● **WHAT IS BEING ASKED**: Starting at the line with "吃上一碗热气腾腾的土鸡炖山药", return every line through the final one of the data, word for word. Pictures stay out.

● **DATA BELOW**:

= Beginning of Section =

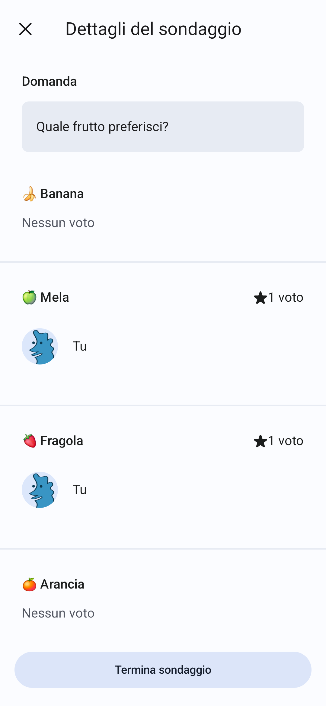 Tutti i membri del gruppo possono visualizzare i voti attuali o i risultati finali del sondaggio toccando il pulsante “Vedi voti” o “Vedi risultati”. Nella schermata dei dettagli del sondaggio è possibile vedere il numero totale di voti per ciascuna opzione e chi ha votato per ogni risposta.
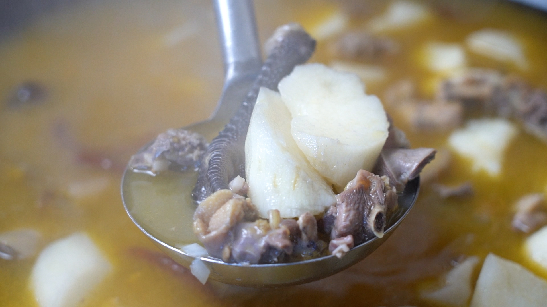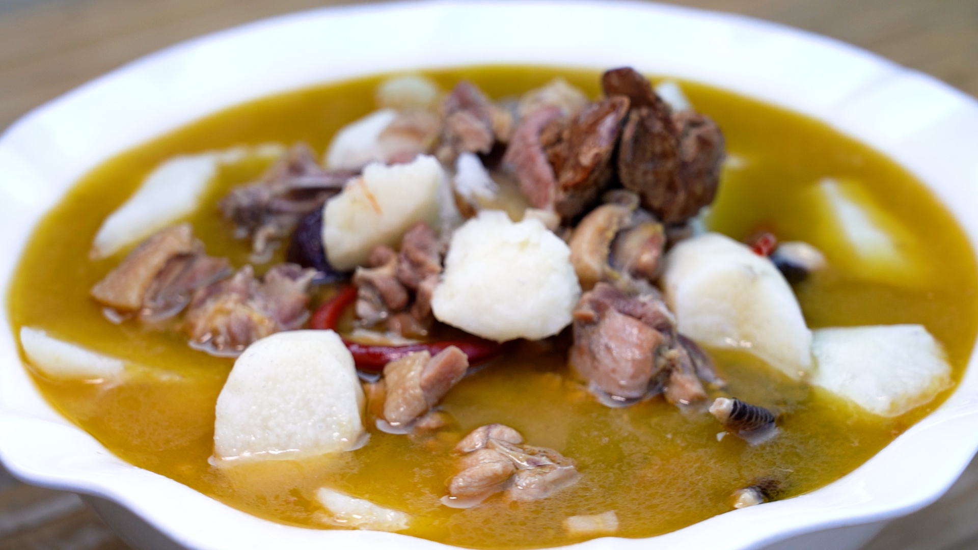 吃上一碗热气腾腾的土鸡炖山药,既温补又暖身,张蕊这样说道:“山药的口感比较软糯,大人、小朋友都可以放心地吃,尤其是像我们鸡足山这边,有这种散养的土鸡,拿它来炖山药,是比较香的。”
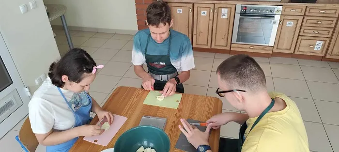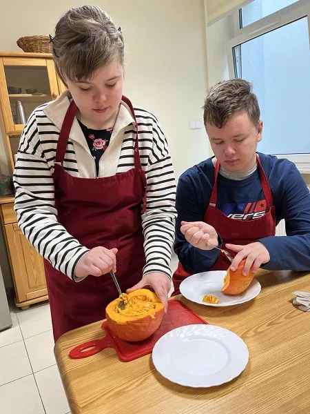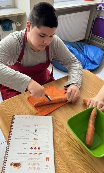 Jedzenie o różnych stopniach miękkości i chrupkości, zachęca uczniów do odkrywania i wybierania tego, co im najbardziej smakuje. Podczas zajęć w kuchni dydaktycznej dzieci i młodzież uczą się współpracy między sobą oraz nabywają umiejętności z zakresu gospodarstwa domowego i przygotowywania potraw.

= End of Section =

● **ANSWER TO THIS EXERCISE**:
 吃上一碗热气腾腾的土鸡炖山药,既温补又暖身,张蕊这样说道:“山药的口感比较软糯,大人、小朋友都可以放心地吃,尤其是像我们鸡足山这边,有这种散养的土鸡,拿它来炖山药,是比较香的。”
 Jedzenie o różnych stopniach miękkości i chrupkości, zachęca uczniów do odkrywania i wybierania tego, co im najbardziej smakuje. Podczas zajęć w kuchni dydaktycznej dzieci i młodzież uczą się współpracy między sobą oraz nabywają umiejętności z zakresu gospodarstwa domowego i przygotowywania potraw.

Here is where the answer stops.